Update: Prof. Baird also appeared on CNN on Friday to discuss GM. You can read the transcript here.
Judge Posner has a very interesting post on the potential ramifications of Detroit bankruptcies. If automakers can't get credit or equity from private sources even after a bankruptcy then we will have simply delayed their dissolution.
I am more concerned, though, that we already have moral hazards playing out in large problem areas. A GM official on the radio this morning was analogizing to the financial industry: "why help them and not help us?" Everyone is going to say this now, and political pressure will make it difficult for the government to draw a line. Detroit, in particular, is a more sympathetic and romanticized figure than Wall Street anyway.
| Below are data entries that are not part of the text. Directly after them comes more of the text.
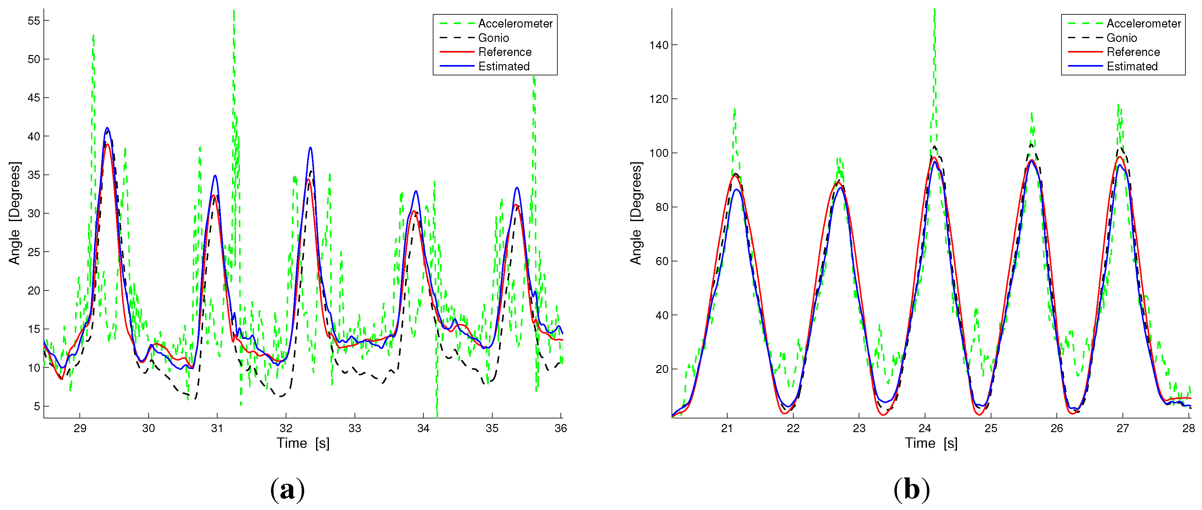 Signal comparison between the angle reconstruction by the accelerometers (green dotted line), the goniometer (black dotted line), the hybrid system (accelerometer + goniometer, blue solid line) and the reference measurement. (a) Walking; (b) Fast flexion.
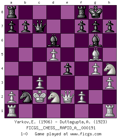 Last move : 1-0 2016 October 12 0:16:15 [Event "FICGS__CHESS__RAPID_A__000191"] [Site "FICGS"] [Date "2016.08.05"] [Round "1"] [White "Yarkov,Evgeny"] [Black "Duttagupta,Aniruddha"] [Result "1-0"] [WhiteElo "1906"] [BlackElo "1923"] 1.e4 c6 2.d4 d5 3.exd5 cxd5 4.Nf3 Nc6 5.Bd3 Bg4 6.c3 e6 7.h3 Bh5 8.Nbd2 Qc7 9.Nf1 Bd6 10.Qe2 Nf6 11.Bg5 Ne4 12.Bxe4 dxe4 13.Qxe4 O-O 14.g4 Bg6 15.Qe2 e5 16.d5 e4 17.Nh4 Ne5 18.Nd2 Nd3+ 19.Kd1 Nxb2+ 20.Kc2 1-0 This chess game has been lost on time (started : 2016.08.05 20:52:39) Caro-Kann : Exchange variation Kingside Castling by player Black (move 13) Player White won this chess game. Follow this game move after move (download)A good player is always lucky. (Jose Raul Capablanca) Der 70jährige Viktor Kortschnoi: Die Rentenanstalt wollte mich zwingen in Rente zu gehen. Meine Frau erhält jetzt eine Pension- und ich zahle weiter in die Rentenkasse ein! (Viktor Kortschnoi) En un gambito tu regalas un Peón por el bién de tomar un juego perdido. (Samuel Standige Boden) Toute estimation doit être constamment réévaluée. (Jacob Estrin) There are two types of people in this world, good and bad. The good sleep better, but the bad seem to enjoy the waking hours much more. (Woody Allen)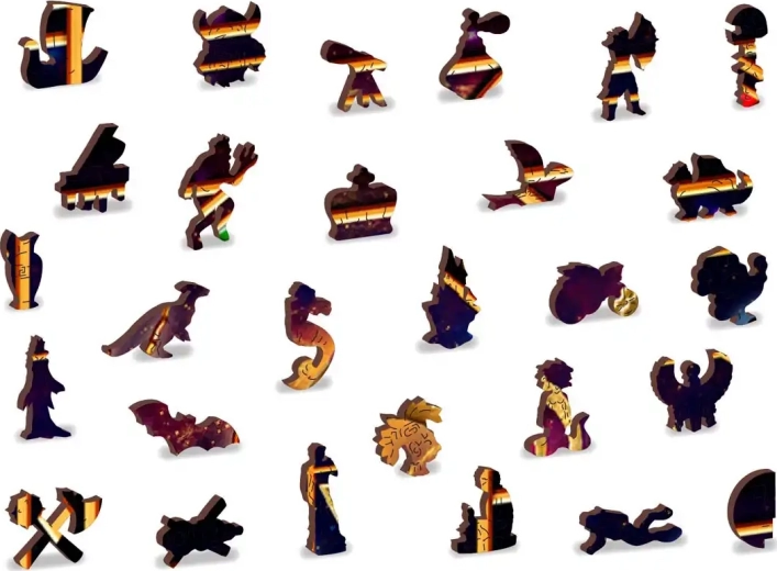 Puzzle-ul din lemn WOODEN CITY, decupat cu laser și cu piese special conturate, este incredibil de distractiv. O parte dintre piese au forme de animale, clădiri sau obiecte, ale căror detalii accentuate cu laser amplifică efectul final. Aceste piese pot sta singure ca mici figurine. Asamblarea unui puzzle cu piese de forme variate este mai dificilă și reprezintă o provocare mai mare decât asamblarea unui puzzle clasic. În plus, puzzle-ul este dublu-față: îl puteți asambla fie după imagine (fața), fie după formă (verso cu model).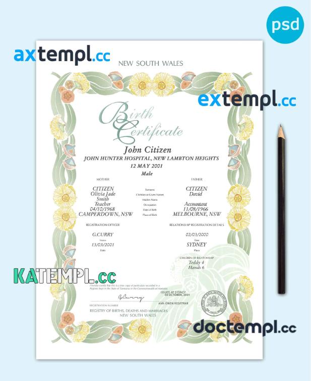 sample Australia New South Wales decorative (commemorative) birth certificate template in PSD format, fully editable download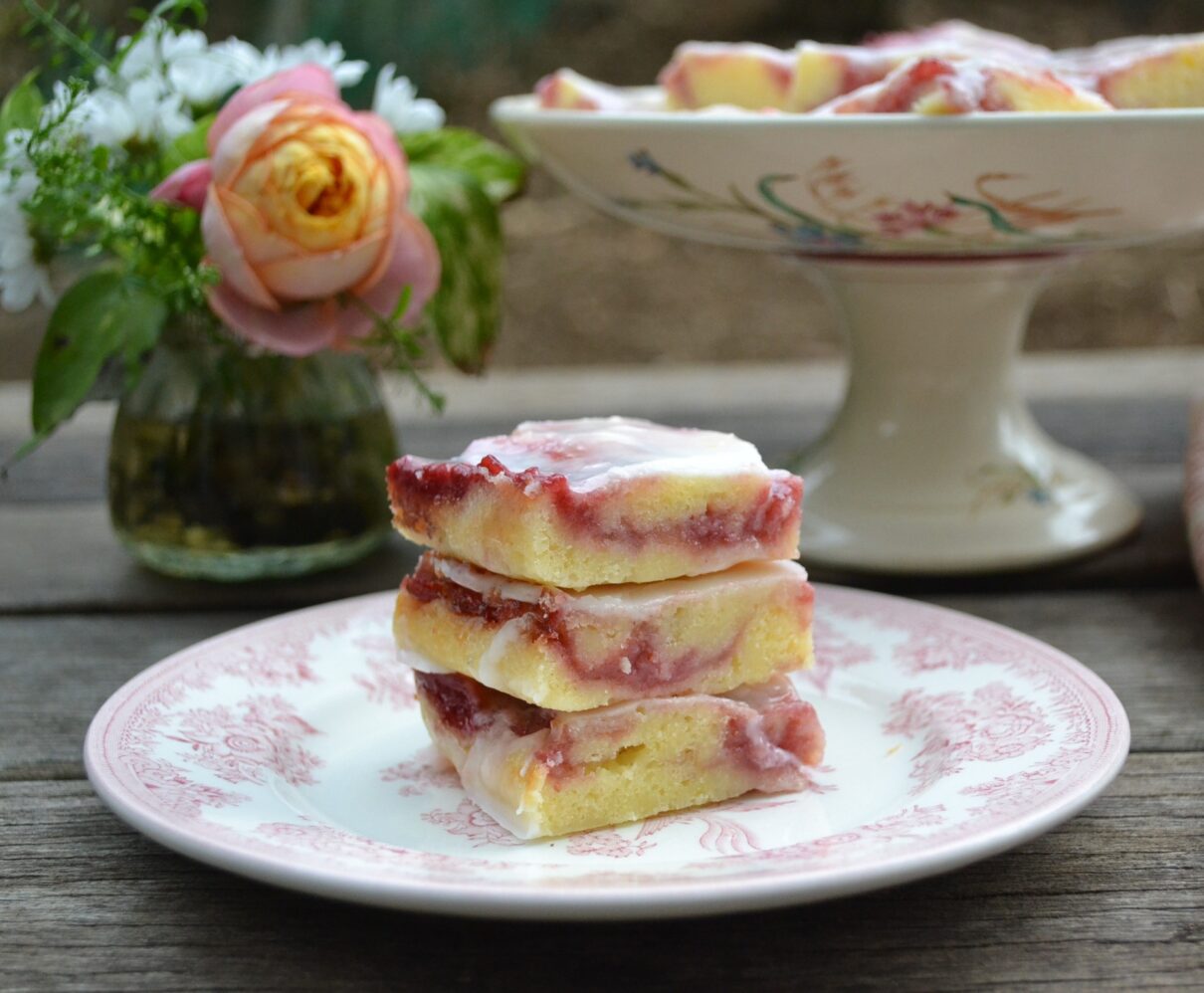 レモンの風味がきいたブラウニーに、苺のピューレを混ぜ合わせた、レモンストロベリーブラウニー (Lemon Strawberry Brownies) です。レモンの酸味と苺の風味はとてもよく合うし、彩も美しいです。表面に粉砂糖のアイシングを塗ってお化粧をしていますが、アイシングがなくても、十分美味しいです。

Counter-intuitively, the present crisis might give some companies a longer life line than they would have had in a normal economy. The automakers have been losing ground for decades now, despite government largess. They lag behind their competitors in innovation, cost and marketing. The specter of ripple effects is so powerful that these businesses don't even feel the need to explain their failure anymore. I don't expect them to pay back any taxpayer money that they get.
Posted by: Uzair Kayani | November 17, 2008 at 08:20 AM
The UAW needs a little tough love. It derailed the Cerberus deal at Delphi. Today GM suffers a loss of about $2,000 per vehicle sold. On the other hand Toyota whose employees are not part of the UAW earns a profit of about $1,200 per vehicle sold. If GM was able to operate with labor prices near Toyota’s it would have pocketed an additional $29,715,200,000.
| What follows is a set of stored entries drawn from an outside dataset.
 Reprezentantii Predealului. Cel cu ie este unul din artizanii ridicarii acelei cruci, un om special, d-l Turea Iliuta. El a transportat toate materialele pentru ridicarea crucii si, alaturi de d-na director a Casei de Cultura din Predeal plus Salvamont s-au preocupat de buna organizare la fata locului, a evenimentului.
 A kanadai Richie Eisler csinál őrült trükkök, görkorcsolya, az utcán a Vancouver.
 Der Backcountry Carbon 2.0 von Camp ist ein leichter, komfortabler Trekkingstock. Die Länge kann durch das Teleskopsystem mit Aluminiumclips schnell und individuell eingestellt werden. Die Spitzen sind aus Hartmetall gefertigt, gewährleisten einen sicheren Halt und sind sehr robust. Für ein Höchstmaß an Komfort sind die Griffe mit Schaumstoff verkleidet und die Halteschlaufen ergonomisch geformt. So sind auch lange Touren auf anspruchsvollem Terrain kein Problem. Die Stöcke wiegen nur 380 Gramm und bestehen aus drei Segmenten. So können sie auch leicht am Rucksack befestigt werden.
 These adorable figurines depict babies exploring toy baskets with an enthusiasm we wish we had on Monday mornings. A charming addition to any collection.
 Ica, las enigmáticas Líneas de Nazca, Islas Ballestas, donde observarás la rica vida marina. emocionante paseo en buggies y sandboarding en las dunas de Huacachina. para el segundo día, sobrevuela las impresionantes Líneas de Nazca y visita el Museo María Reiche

http://nomedals.blogspot.com/2008/11/gm-bailout-makes-no-sense.html
Posted by: Jason | November 19, 2008 at 07:22 AM
What does sense have to do with it? Since when do politicians suffer from this malady? Paybacks are in order. It remains to be seen if the union money injected into the democrat party will pay off. Probably not in this Congress but the bailout is coming. Maybe we call it a loan guarantee or a recovery fund etc. but the simple fact that every congressman is also being bombarded by every car dealer to do something assures us that it's coming.
But you are missing the essencial truth about GM. They are building crap nobody wants, are slow to get to market, have no plan for a future, and have been mis-managed into the ground.
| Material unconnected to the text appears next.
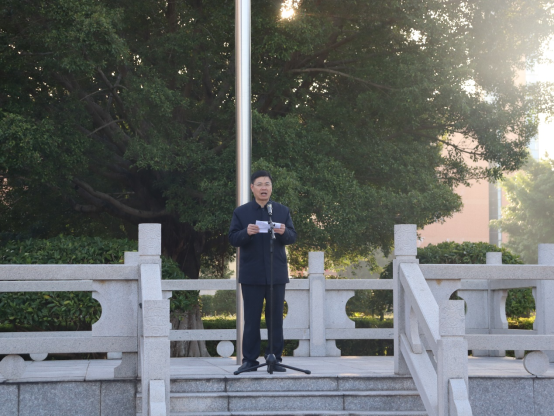 仪式结束后,杜伟祥院长作了讲话,表彰了在第十九届田径运动会上获得佳绩的同学们,在全体运动员的拼搏下,老隆师范学院学生组勇夺团体第一名。学生代表23级学前教育1班的李紫筠在国旗下作“汇集每束光芒,点亮儿童未来”主题演讲。她倡导同学们加入保护儿童的行列,点亮儿童未来。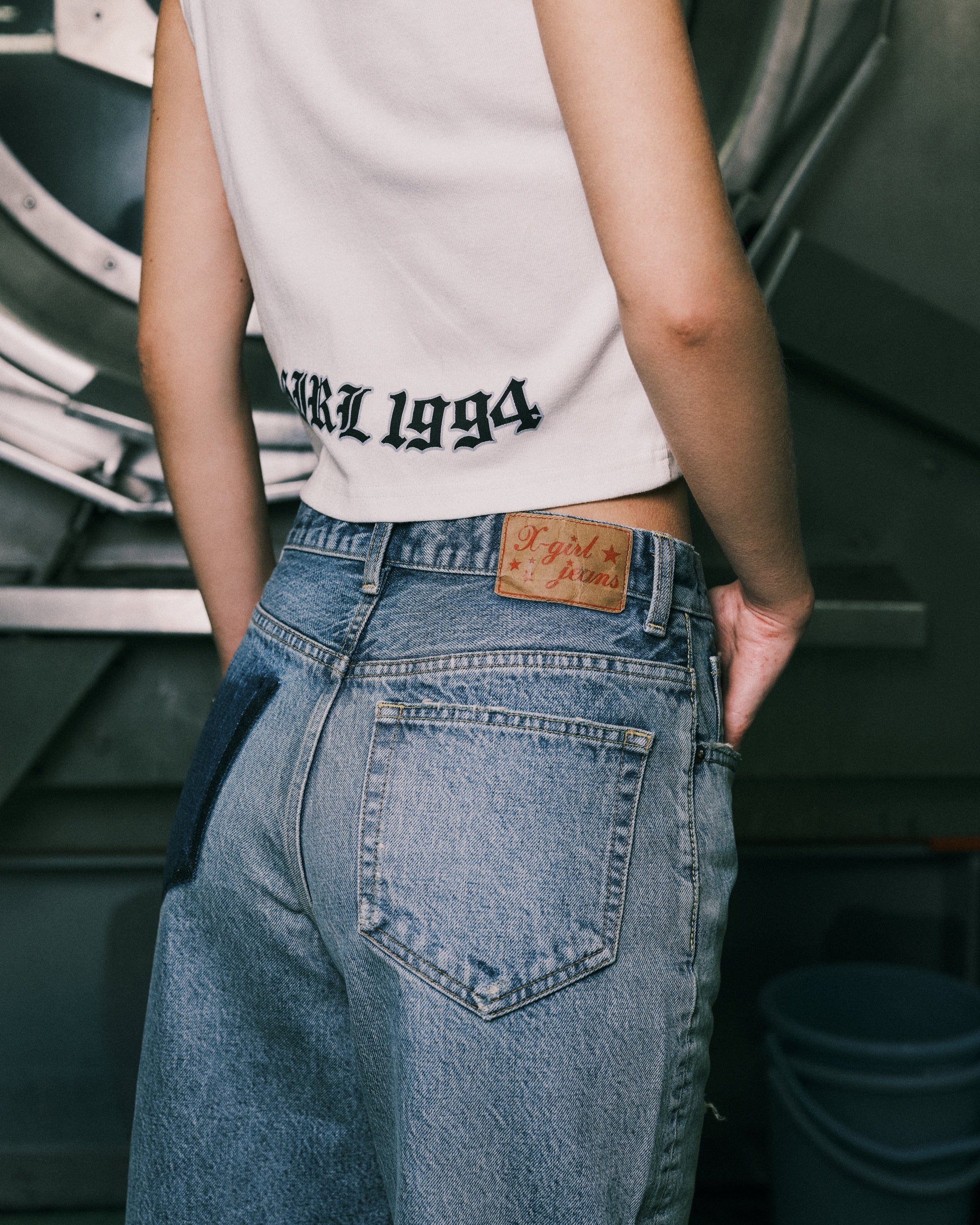 腰位置でラフに穿けるローライズデザインが、X-girlらしいストリートスタイルを演出。

The old UAW union stuff just doesn't hold water. Audi, VW, MB, Citroen, Peugeot, Renault, Volvo, Saab, Jaguar, Vauxhall, Rover, BMW, and every other European manufacturer have an organised work force, that is paid higher than an American UAW member. They are all healthy, and are all building desirable products.
Posted by: Andrew Roberts | November 22, 2008 at 12:18 AM
It is not wages that are dragging down the big three, specifically GM, it is healthcare and pension liabilities that will be the downfall of the industry. GM burns about 2/3rds of their cash on these payments (about 11 bil. of a total 17 bil. in 2008), which is just not a sustainable business model.